Is 33,000 ft·lbf/min still used in any modern calculations?
Yes — it's embedded in US pump and fan engineering. The formula for pump horsepower is: HP = (GPM × Head in ft × Specific Gravity) / 3,960, where 3,960 = 33,000 / (8.33 lb/gal). The number 33,000 ft·lbf/min lurks inside every US pump sizing calculation, even if the engineer never writes it explicitly. It also appears in ASME standards for hoists, cranes, and elevators — anywhere lifting power needs to be specified.
Calories (th)/minute – Frequently Asked Questions
How many calories per minute does running burn?
Running at 10 km/h burns about 8,000–12,000 cal(th)/min (8–12 kcal/min) depending on body weight — that's roughly 560–840 W of total metabolic power. Sprinting can hit 25,000 cal/min briefly. But here's the catch: only 20–25% becomes mechanical work; the rest is heat, which is why you get hot. A 70 kg runner at marathon pace (~12 km/h) burns roughly 12,000 cal/min and must dissipate about 700 W of waste heat through sweating.
Why do old physiology textbooks use cal/min for metabolic rate?
Before SI standardisation, the calorie was the dominant energy unit in biology because it was defined by water's heat capacity — and most biological calorimetry involved water baths. Measuring oxygen consumption in liters per minute and converting to cal/min via the caloric equivalent of oxygen (4.825 kcal/L O₂) was standard practice. The per-minute rate matched the natural timescale of spirometry measurements. Modern papers have mostly switched to watts, but the older literature is vast.
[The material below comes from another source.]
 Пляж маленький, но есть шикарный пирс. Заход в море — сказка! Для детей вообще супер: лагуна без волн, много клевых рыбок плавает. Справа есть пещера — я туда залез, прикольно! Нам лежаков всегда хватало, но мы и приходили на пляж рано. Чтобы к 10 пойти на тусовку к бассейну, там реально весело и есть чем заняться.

How does metabolic rate in cal/min change with body size?
Metabolic rate scales with body mass to the 0.75 power (Kleiber's law). A 3 g mouse produces about 36 cal/min; a 70 kg human about 1,200 cal/min; a 5,000 kg elephant about 30,000 cal/min. Per kilogram, the mouse is 12× more metabolically active than the elephant. This is why small animals eat constantly and have rapid heartbeats — they burn through their energy reserves much faster relative to their size.
How did bomb calorimetry help determine the caloric content printed on food labels?
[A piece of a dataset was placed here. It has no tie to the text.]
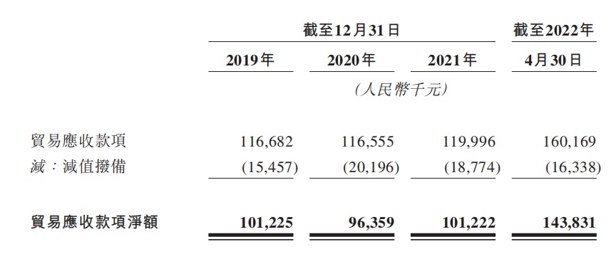 据招股书数据披露,2019年至2022年4月30日,苏新美好生活与与独立第三方的贸易应收款项(经计及减值拨备前)分别约为1.17亿元、1.17亿元、1.2亿元及1.60亿元。同期,该公司的贸易应收款项减值拨备分别为1550万元、2020万元、1880万元及1630万元,若扣除减值拨备,贸易应收款项净额分别为1.01亿元、0.96亿元、1.01亿元及1.44亿元。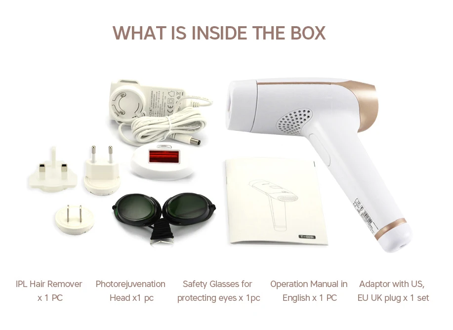 IPL средство для удаления волос с ЖК-дисплеем * 1 шт.Дополнительная лампа для удаления волос в соответствии с выбранным вамиФотолампа (стеклянный тип) * 1 штЗащитные очки для защиты глаз * 1 шт.Адаптер с вилкой US, EU UK * 1 комплектРуководство по эксплуатации на английском языке * 1 шт.

In the late 1800s, Wilbur Atwater burned thousands of food samples in a bomb calorimeter — a sealed steel vessel submerged in water — and measured the temperature rise in cal/min to calculate total energy. He then subtracted energy lost in digestion (measured via feces and urine calorimetry) to derive the "physiological fuel values": 4 cal/g for protein, 4 cal/g for carbohydrate, 9 cal/g for fat. These Atwater factors, over 120 years old, are still the basis for every nutrition label worldwide — remarkably accurate despite their crude origin.
How accurate are fitness trackers at measuring cal/min?
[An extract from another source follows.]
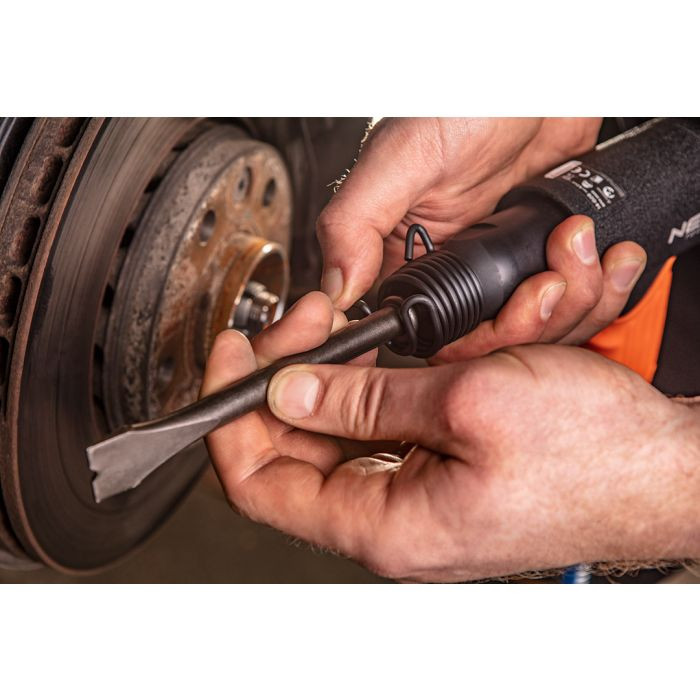 Ciocanul pneumatic cu percuție NEO se deosebește prin designul compact, permițându-vă să lucrați în locurile greu accesibile. Are conector de aer 1/4″.Instrument pentru uz universal în atelier, în muncile de tinichigerie, în construcții la forjare sau cioplire. Inclus: dălți 5 buc: plat 20mm, plat cu canelură 20mm, curbat 22mm, tăiat triunghiular 20mm, vârf 2mm, conexiune 1/4″ GZ 1 buc, ungător (gol) 1 buc, arc de fixare a ciocanului 1 buc. Certificatul CE confirmă calitatea înaltă a produsului. Marca NEO îndeplinește așteptările profesioniștilor.

Most wrist-based trackers are 15–30% off for cal/min estimates — some studies found errors up to 93%. They estimate from heart rate, which correlates loosely with metabolic rate but is confounded by temperature, caffeine, stress, and fitness level. Chest-strap heart monitors are better (10–15% error). Gold standard is indirect calorimetry with a face mask measuring O₂ and CO₂, accurate to about 3%. For most people, tracker estimates are directionally useful but not precise.